Here is a listing. Write it all out again exactly, but not its pictures.

**PROVIDED DATA**
★ ★ ★ ★

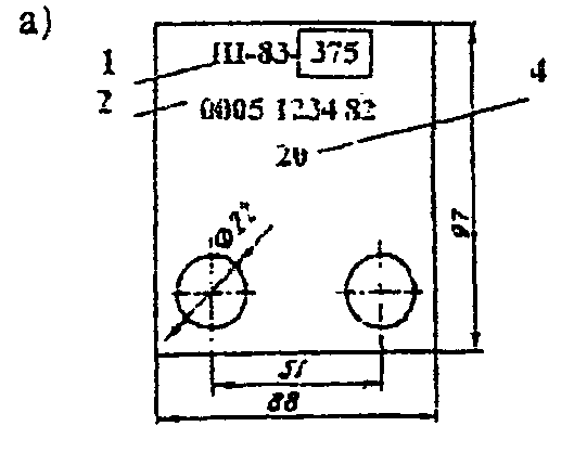 При выбивании на бирке и на стопорной шайбе правой шейки оси индивидуального номера колесной пары между условным номером предприятия-изготовителя черновой оси, порядковым номером черновой оси и годом изготовления оси допускается делать пропуск в размере одного знака. | ||||
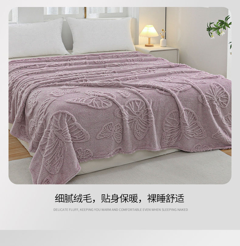 枋梢家纺 2024新款跨境电商塔芙绒纯色蝴蝶花提花多功能盖毯午睡毯子办公毛毯 紫色
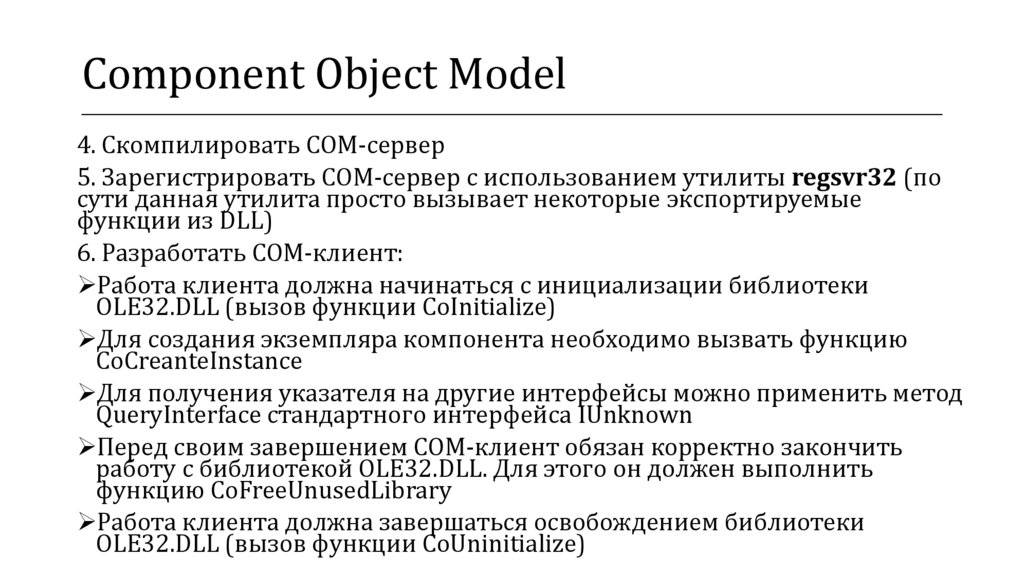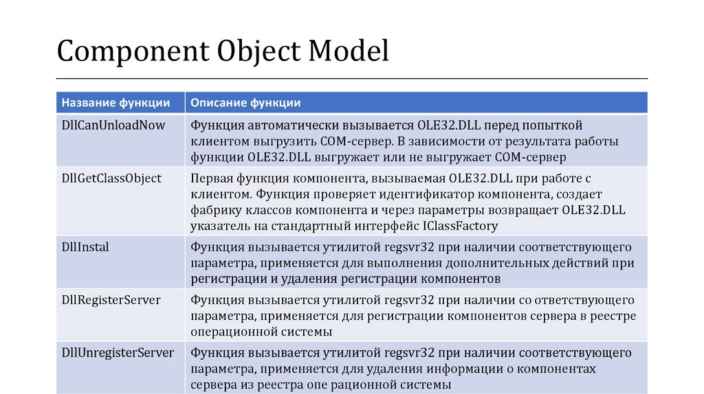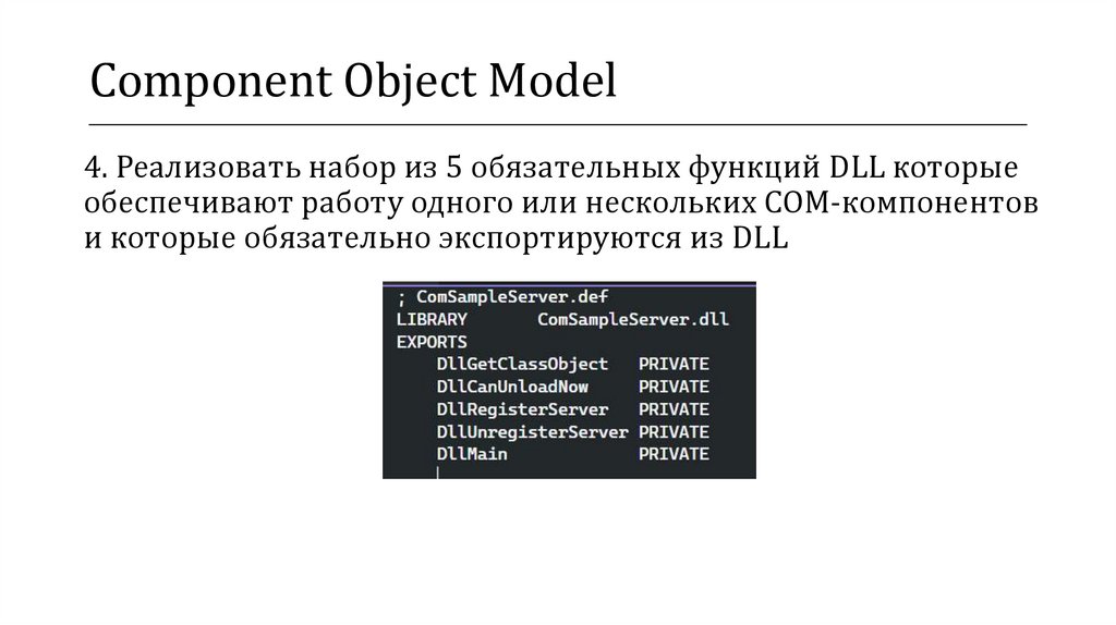 Component Object Model4. Реализовать набор из 5 обязательных функций DLL которые
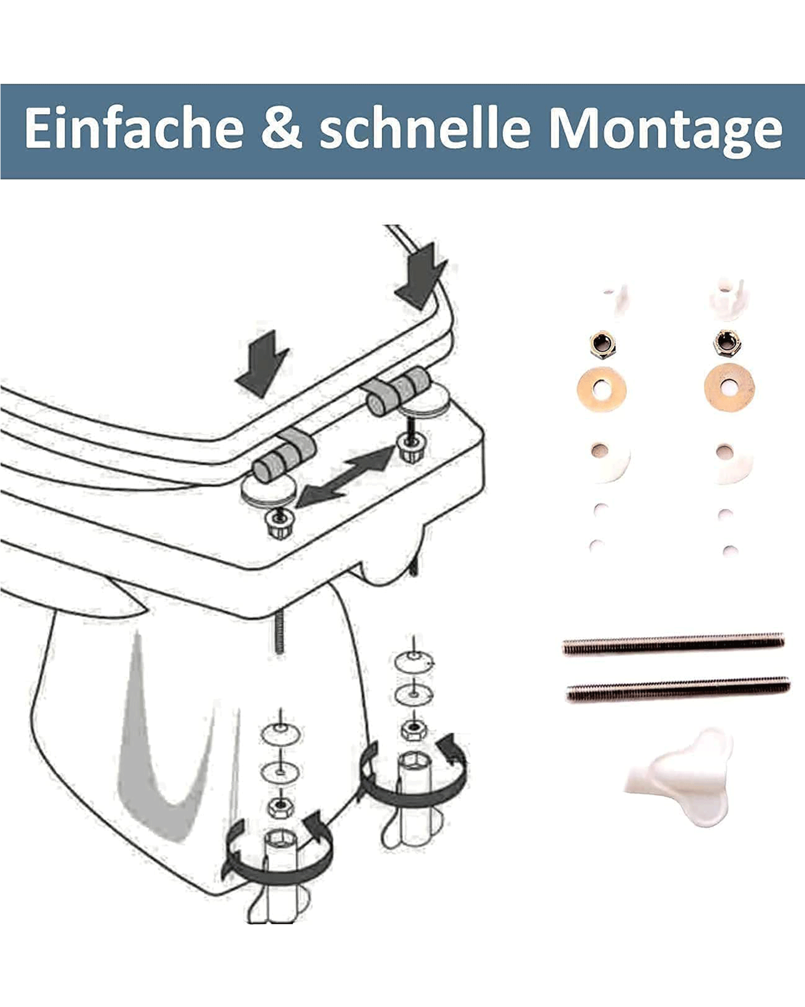 3,Schnelle und einfache Installation: Toilettensitze gibt es in Standardgrößen. Das mitgelieferte Schnellbefestigungsset sorgt für eine schnelle und einfache Installation.

★ ★ ★ ★

**ANSWER FOR THIS EXERCISE**
 При выбивании на бирке и на стопорной шайбе правой шейки оси индивидуального номера колесной пары между условным номером предприятия-изготовителя черновой оси, порядковым номером черновой оси и годом изготовления оси допускается делать пропуск в размере одного знака. | ||||
 枋梢家纺 2024新款跨境电商塔芙绒纯色蝴蝶花提花多功能盖毯午睡毯子办公毛毯 紫色
 Component Object Model4. Реализовать набор из 5 обязательных функций DLL которые
 3,Schnelle und einfache Installation: Toilettensitze gibt es in Standardgrößen. Das mitgelieferte Schnellbefestigungsset sorgt für eine schnelle und einfache Installation.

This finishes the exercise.